How This Executive Assistant Worked Through Hardship to Get to the Top

By
Ashley Ross
·
July 10, 2018

Willa Glesener has been working as the Executive Assistant at SpareFoot in Austin, Texas, for five years. But her half-decade of success in the moving and storage marketplace didn’t come easy. She spent the four years after graduating college, mid-recession, trying to find her perfect fit, and she ultimately found it at SpareFoot. Here’s how she worked her way into the role and up towards continued success.

Move through, not against, hard times

Willa graduated from St. Edward’s in the middle of the recession, when jobs were scarce and good ones were even scarcer. As a political science major, she’d worked for the then unknown Senator Wendy Davis during her first year in the Texas State Senate. Despite the gig being unpaid, she stayed on after college. “I really liked working with her, but I didn’t find the Texas State legislature a very nurturing or comfortable environment for me,” she says. What followed was a brief stint as an au pair just outside Paris that didn’t work out, leaving Willa alone in France faced with no other option than to drain her bank account in order to get home. “I took a bus to London overnight and stayed with some friends of friends in London because it was the only thing I could afford. I emptied my savings and flew home to live with my parents. I felt like I had no real work experience, and I didn’t know where to go.”

Take every opportunity

Willa waited tables and worked retail, eventually working at a catering company that she found through her landlord. Willa got the groundwork for her current job by assisting the catering company chef, who was eventually hired for the catering program at SpareFoot. There, she met Chuck Gordon, SpareFoot’s CEO, who offered her a job. “SpareFoot hired me in a different role that had nothing to do with the chef program. I was in the right place at the right time.”

Speak up

Willa was hired as office manager and eventually became an executive assistant. She now has a counterpart whom she hired about a year and a half ago to help keep the company running smoothly as it scales. But it wasn’t easy to ask for help. Willa worked tirelessly doing everything for SpareFoot––managing schedules, travel, and facilities. She was near burn out and had to ask for help, a battle she said was hard fought. “People think you’re wonder woman and when you say, ‘I can’t do that,’ they don’t hear it or understand it, so there was a period of time when I had to be really honest.”

Learn from the unexpected

Working for Wendy Davis taught Willa a lot about what she didn’t like in politics, but it also helped form a foundation for her office management skills that she didn’t even realize she was learning. At Wendy’s office, there was an extraordinary office manager named Jean, who set the bar high in Willa’s mind of what it meant to be a workplace professional. It was from Jean that Willa really learned about the integrity of keeping an office running and functioning appropriately. “I had no idea I’d end up doing something similar,” Willa notes.

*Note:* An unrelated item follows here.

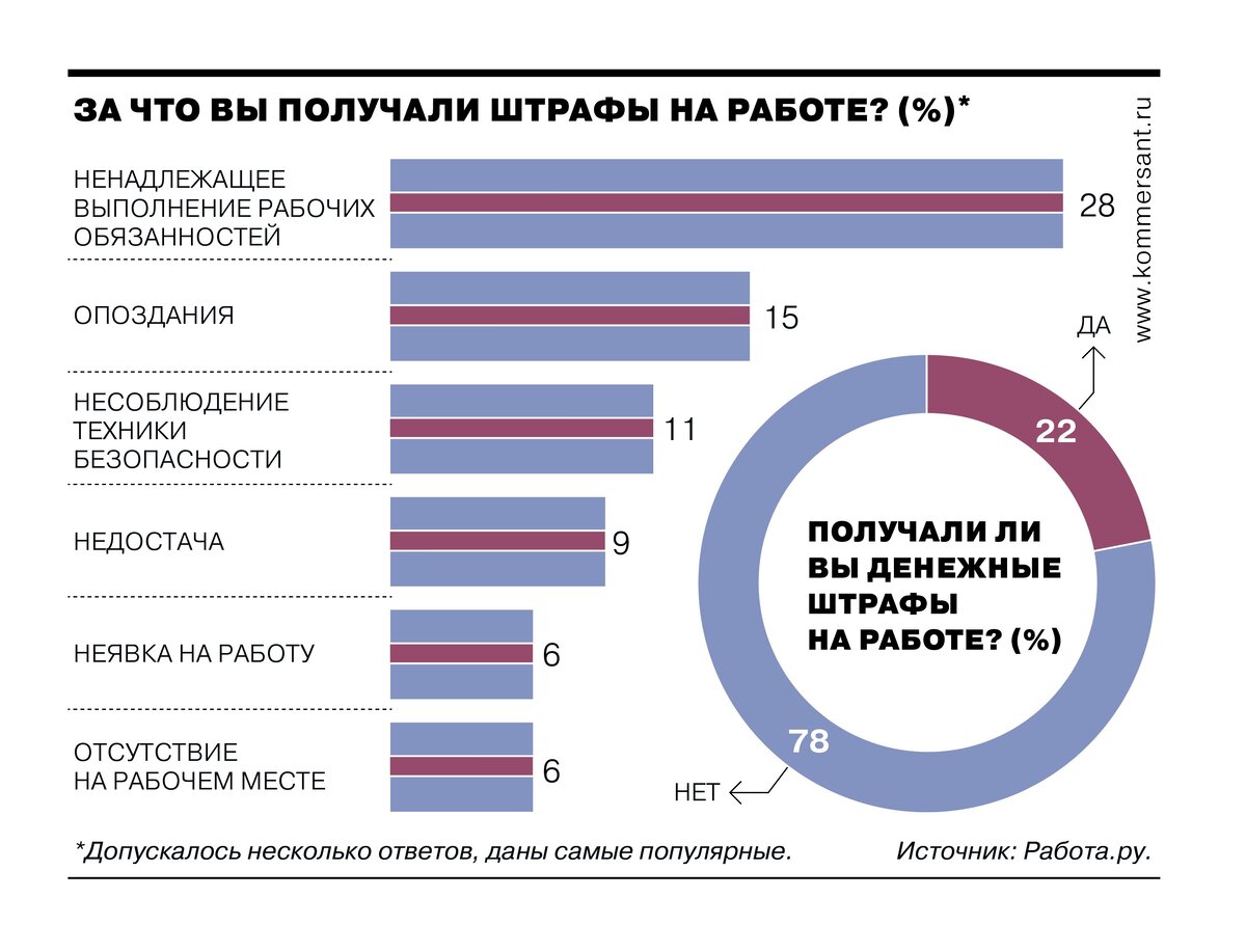 Как показал опрос «Работа.ру», 22% респондентов получали денежные штрафы на работе. Чаще других сталкивались с ними специалисты, работающие в сфере производства и агропрома, а также торговли и ритейла. Наиболее распространенными причинами для штрафов респонденты назвали некачественное выполнение работы (28%) и опоздания (15%). Среди более редких оснований — использование ненормативной лексики, порча имущества компании, несоблюдение гигиенических требований и дресс-кода. В основном сумма штрафов не превышала 10 тыс. руб. (в 80% случаев). Как показал опрос, 59% респондентов не знали о том, что работодатель не вправе налагать на сотрудников денежные штрафы. Согласно Трудовому кодексу, работодатель может привлечь к двум видам ответственности — дисциплинарной и материальной. К примеру, снизить или полностью лишить провинившегося сотрудника премии. Такого понятия, как «штраф», в ТК РФ нет. Все материалы Коммерсантъ www.kommersant.ru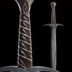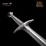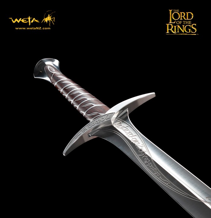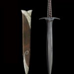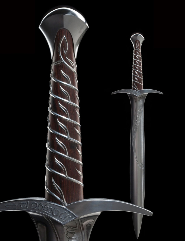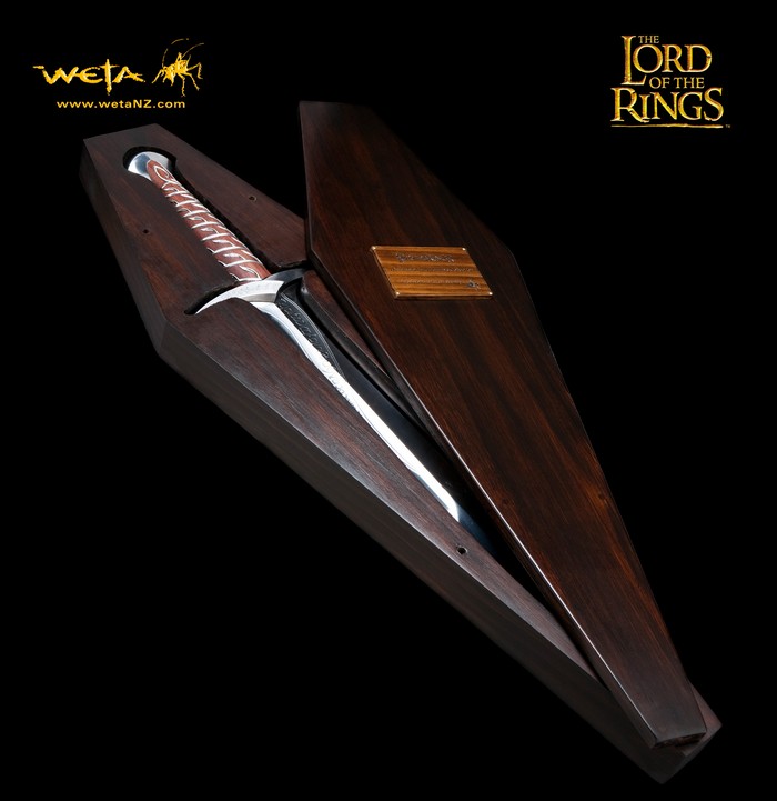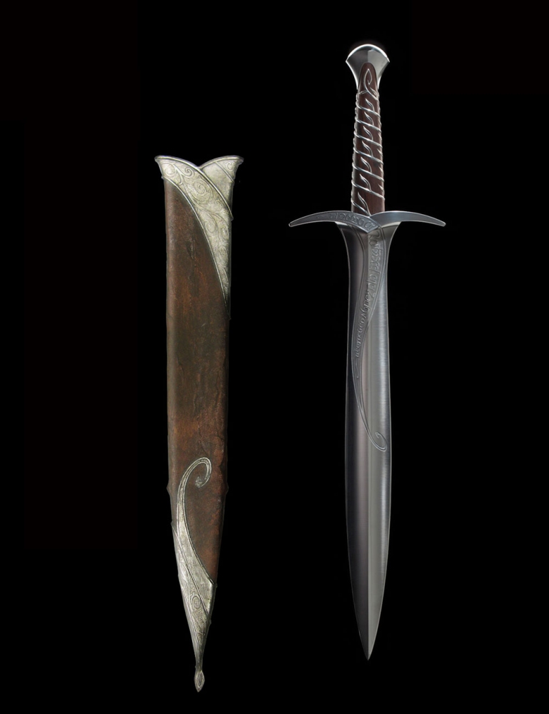 Found in a Trolls’ hoard by Bilbo Baggins, Sting was an ancient Elven blade from the lost realm of Gondolin. Bilbo carried it through many adventures, naming it and having it inscribed with Elvish script. Magical enchantments it held, glowing blue when Orcs were near. For long years Sting gathered dust in the old Hobbit’s cupboards until need arose to unsheathe its keen edge once more and he presented it to his young cousin Frodo Baggins in Rivendell. Frodo would carry it with him toward Mordor, and it would save his life more than once before the end. Sting was designed by Daniel Falconer and made at Weta Workshop in New Zealand for The Lord of the Rings film trilogy by Master Swordsmith Peter Lyon.

Be the keeper of company culture

Willa, like most office managers or EAs, does a lot of things that go unnoticed and aren’t tangible. “People who don’t know the role may misunderstand it. They may think that you just get people water and schedule meetings, but anybody who’s watched me work or has a job like mine knows that there’s more,” she says. A recent merger for the company kept executives so busy they were barely even eating dinner (only doing so when Willa and her cohort would bring them microwaved meals mid-meeting), leaving Willa to remind them what to focus on and pay attention to. “I love helping people. I love solving problems. I don’t always come home with a smile––some days are just hard––and that’s the case at any real job. But it’s absolutely worth it.”